Forum Moderators: phranque

Message Too Old, No Replies

Robots and IFrames

does a robot spider the content?

         

old_expat

7:09 am on Nov 28, 2006 (gmt 0)

WebmasterWorld Senior Member 10+ Year Member



If an iframe tag calls a "complete" HTML page that resides in a subordinate directory, and that directory is off limits to spiders via the robots.txt file, (or by meta tags?) does the robot spider the content?

Ex: <iframe src ="dir/this-page.php" width="100%">
</iframe>

If it does, is there another *relatively* easy way to keep the robot from spidering just a portion of a page? How about building the pages using frames?

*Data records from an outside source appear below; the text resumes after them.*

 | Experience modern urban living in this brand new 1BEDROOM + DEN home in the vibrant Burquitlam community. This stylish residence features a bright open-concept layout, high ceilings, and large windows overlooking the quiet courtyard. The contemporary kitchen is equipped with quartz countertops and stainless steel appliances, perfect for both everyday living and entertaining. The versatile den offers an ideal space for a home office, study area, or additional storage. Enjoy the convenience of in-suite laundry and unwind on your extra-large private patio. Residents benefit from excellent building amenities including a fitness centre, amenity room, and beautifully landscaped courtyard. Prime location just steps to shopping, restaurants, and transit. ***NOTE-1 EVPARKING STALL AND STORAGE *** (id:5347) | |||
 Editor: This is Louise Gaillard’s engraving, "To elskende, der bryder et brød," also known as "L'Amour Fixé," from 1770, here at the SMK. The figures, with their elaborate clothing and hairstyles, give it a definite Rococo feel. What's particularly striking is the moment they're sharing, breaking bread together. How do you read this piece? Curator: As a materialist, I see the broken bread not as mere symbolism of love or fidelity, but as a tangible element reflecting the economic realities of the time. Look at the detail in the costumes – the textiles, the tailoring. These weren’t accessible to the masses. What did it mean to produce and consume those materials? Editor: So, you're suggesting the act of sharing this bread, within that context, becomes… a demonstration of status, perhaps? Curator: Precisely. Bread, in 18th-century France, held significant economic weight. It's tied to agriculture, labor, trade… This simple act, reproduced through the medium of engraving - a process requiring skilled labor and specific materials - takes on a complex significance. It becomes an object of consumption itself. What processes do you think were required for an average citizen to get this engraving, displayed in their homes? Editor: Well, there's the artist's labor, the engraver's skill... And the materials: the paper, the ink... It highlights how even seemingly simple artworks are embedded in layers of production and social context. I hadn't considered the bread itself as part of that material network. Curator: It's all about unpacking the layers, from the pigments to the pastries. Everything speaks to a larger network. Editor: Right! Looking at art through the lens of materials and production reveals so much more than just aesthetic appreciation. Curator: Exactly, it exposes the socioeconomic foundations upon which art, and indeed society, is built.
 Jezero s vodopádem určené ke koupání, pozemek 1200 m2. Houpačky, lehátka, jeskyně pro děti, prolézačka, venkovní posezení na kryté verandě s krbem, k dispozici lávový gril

It would be a bit too bandwidth intensive with images .. and a pain as well.

Receptional Andy

11:37 pm on Nov 28, 2006 (gmt 0)



How a page is referenced (e.g. by a link, and iframe, an image tag) is not relevant to the robots exclusion protocol - spiders should simply not visit it at all (except for the noindex,follow directive, of course).

The real question is why you need to keep spiders away from the page. Depending on the reason, you might try other methods of protecting the page (e.g. blocking common spiders, password protection, bot traps etc).

If you can explain the reason, I could give some more specific advice.

old_expat

2:15 am on Nov 29, 2006 (gmt 0)

WebmasterWorld Senior Member 10+ Year Member



The real question is why you need to keep spiders away from the page. Depending on the reason, you might try other methods of protecting the page (e.g. blocking common spiders, password protection, bot traps etc).

If you can explain the reason, I could give some more specific advice.


It is actually just a portion of the page .. varies from 20-60% of the page content.

The portions of the page that I want to keep the spiders away from is duplicate / affiliate content.

I recently had 1,200 (all but 4 pages of the site) drop out of Google's index.

Receptional Andy

3:39 pm on Nov 29, 2006 (gmt 0)



>>The portions of the page that I want to keep the spiders away from is duplicate / affiliate content.

In which case robots exclusion (as you've already implemented) should be fine.

>>I recently had 1,200 (all but 4 pages of the site) drop out of Google's index.

This may well indicate a more serious problem - even sites with lots of duplicate content don't necessarily get all the pages dropped - they just perform badly.

old_expat

5:10 pm on Nov 29, 2006 (gmt 0)

WebmasterWorld Senior Member 10+ Year Member



This may well indicate a more serious problem - even sites with lots of duplicate content don't necessarily get all the pages dropped - they just perform badly.

I can't figure what else it could be .. unless it's that every page has a link pointed to the same merchant site.

No cloaking, no invisible text .. actually, I'm not talented enough to do all that black hat stuff.:)

Everything on the page other than a <h2> tag has been duplicate / affiliate content

old_expat

3:27 am on Nov 30, 2006 (gmt 0)

WebmasterWorld Senior Member 10+ Year Member



Another question about the same concept, not being sure how spiders work ..

If a PHP include is stored in a remote directory and that directory is excluded by robots text, does the spider 'see' what is in the include?

I'm assuming it does as the include is server parsed?

Receptional Andy

4:31 pm on Dec 8, 2006 (gmt 0)



If a PHP include is stored in a remote directory and that directory is excluded by robots text, does the spider 'see' what is in the include?

Spiders only see the output - if you view source in your browser, that's what the spider will 'see'. They have no opportunity to even know the include exists (unless there are direct links to the included file).

Everything on the page other than a <h2> tag has been duplicate / affiliate content

I suppose you might be dropped for having such a high level of duplication, although I don't think this is very common (could be wrong though ;)).